- _TASK REQUIREMENTS_:
The reply should reproduce every line of the data below word for word, minus any images.

- _RECORDED DATA_:
▬▬▬
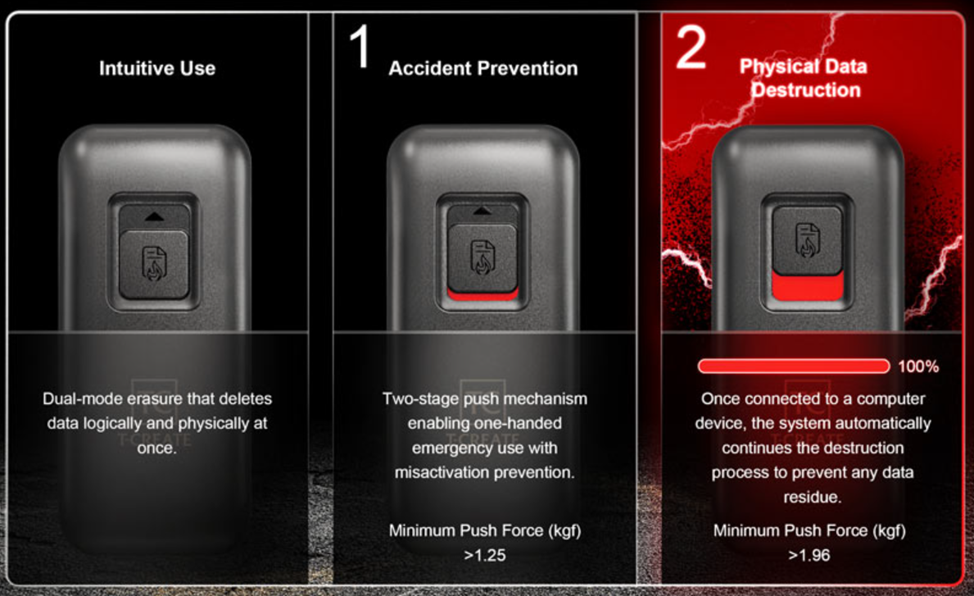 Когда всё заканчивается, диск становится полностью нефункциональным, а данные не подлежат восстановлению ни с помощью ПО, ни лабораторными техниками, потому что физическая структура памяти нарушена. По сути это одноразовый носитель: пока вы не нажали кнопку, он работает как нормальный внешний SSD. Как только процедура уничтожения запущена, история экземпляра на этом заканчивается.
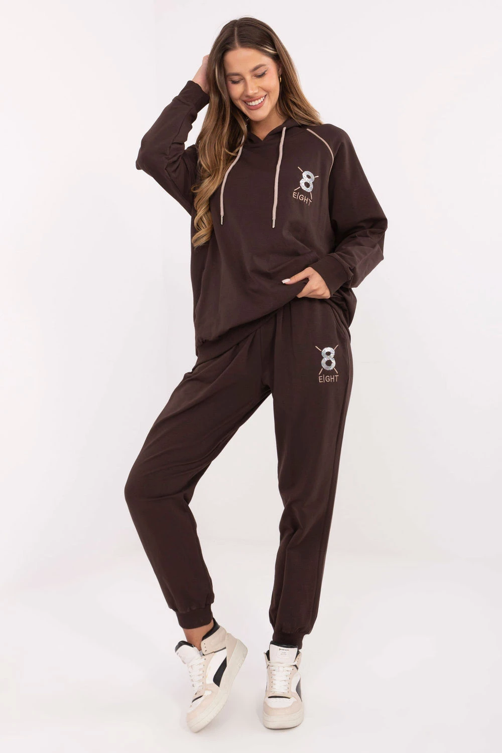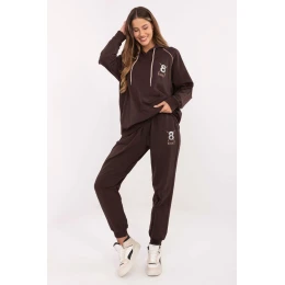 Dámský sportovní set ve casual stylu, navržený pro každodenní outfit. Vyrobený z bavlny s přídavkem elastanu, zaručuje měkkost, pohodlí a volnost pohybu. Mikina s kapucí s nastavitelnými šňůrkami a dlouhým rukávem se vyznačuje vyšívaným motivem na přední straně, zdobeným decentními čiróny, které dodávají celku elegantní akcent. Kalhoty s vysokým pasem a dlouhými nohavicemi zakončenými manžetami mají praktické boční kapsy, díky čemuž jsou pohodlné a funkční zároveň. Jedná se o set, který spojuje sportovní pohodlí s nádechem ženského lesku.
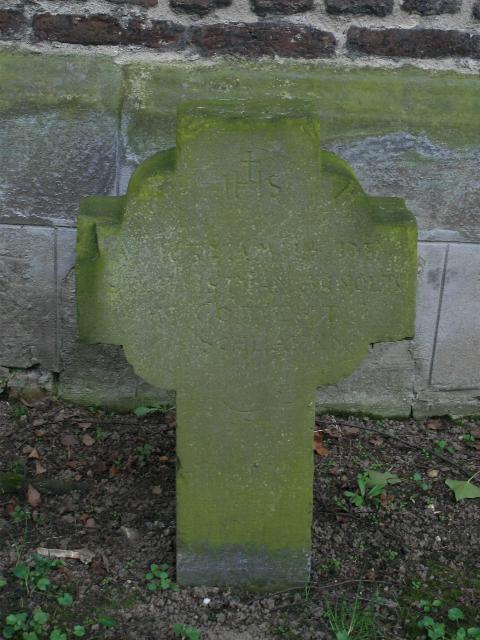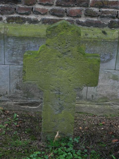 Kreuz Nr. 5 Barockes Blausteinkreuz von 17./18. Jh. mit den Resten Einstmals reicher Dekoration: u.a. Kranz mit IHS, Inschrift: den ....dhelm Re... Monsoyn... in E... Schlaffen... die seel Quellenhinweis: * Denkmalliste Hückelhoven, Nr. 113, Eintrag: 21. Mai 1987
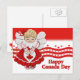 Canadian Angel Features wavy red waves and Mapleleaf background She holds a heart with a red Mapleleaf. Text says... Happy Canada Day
▬▬▬
- _WORKED SOLUTION_:
 Когда всё заканчивается, диск становится полностью нефункциональным, а данные не подлежат восстановлению ни с помощью ПО, ни лабораторными техниками, потому что физическая структура памяти нарушена. По сути это одноразовый носитель: пока вы не нажали кнопку, он работает как нормальный внешний SSD. Как только процедура уничтожения запущена, история экземпляра на этом заканчивается.
 Dámský sportovní set ve casual stylu, navržený pro každodenní outfit. Vyrobený z bavlny s přídavkem elastanu, zaručuje měkkost, pohodlí a volnost pohybu. Mikina s kapucí s nastavitelnými šňůrkami a dlouhým rukávem se vyznačuje vyšívaným motivem na přední straně, zdobeným decentními čiróny, které dodávají celku elegantní akcent. Kalhoty s vysokým pasem a dlouhými nohavicemi zakončenými manžetami mají praktické boční kapsy, díky čemuž jsou pohodlné a funkční zároveň. Jedná se o set, který spojuje sportovní pohodlí s nádechem ženského lesku.
 Kreuz Nr. 5 Barockes Blausteinkreuz von 17./18. Jh. mit den Resten Einstmals reicher Dekoration: u.a. Kranz mit IHS, Inschrift: den ....dhelm Re... Monsoyn... in E... Schlaffen... die seel Quellenhinweis: * Denkmalliste Hückelhoven, Nr. 113, Eintrag: 21. Mai 1987
 Canadian Angel Features wavy red waves and Mapleleaf background She holds a heart with a red Mapleleaf. Text says... Happy Canada Day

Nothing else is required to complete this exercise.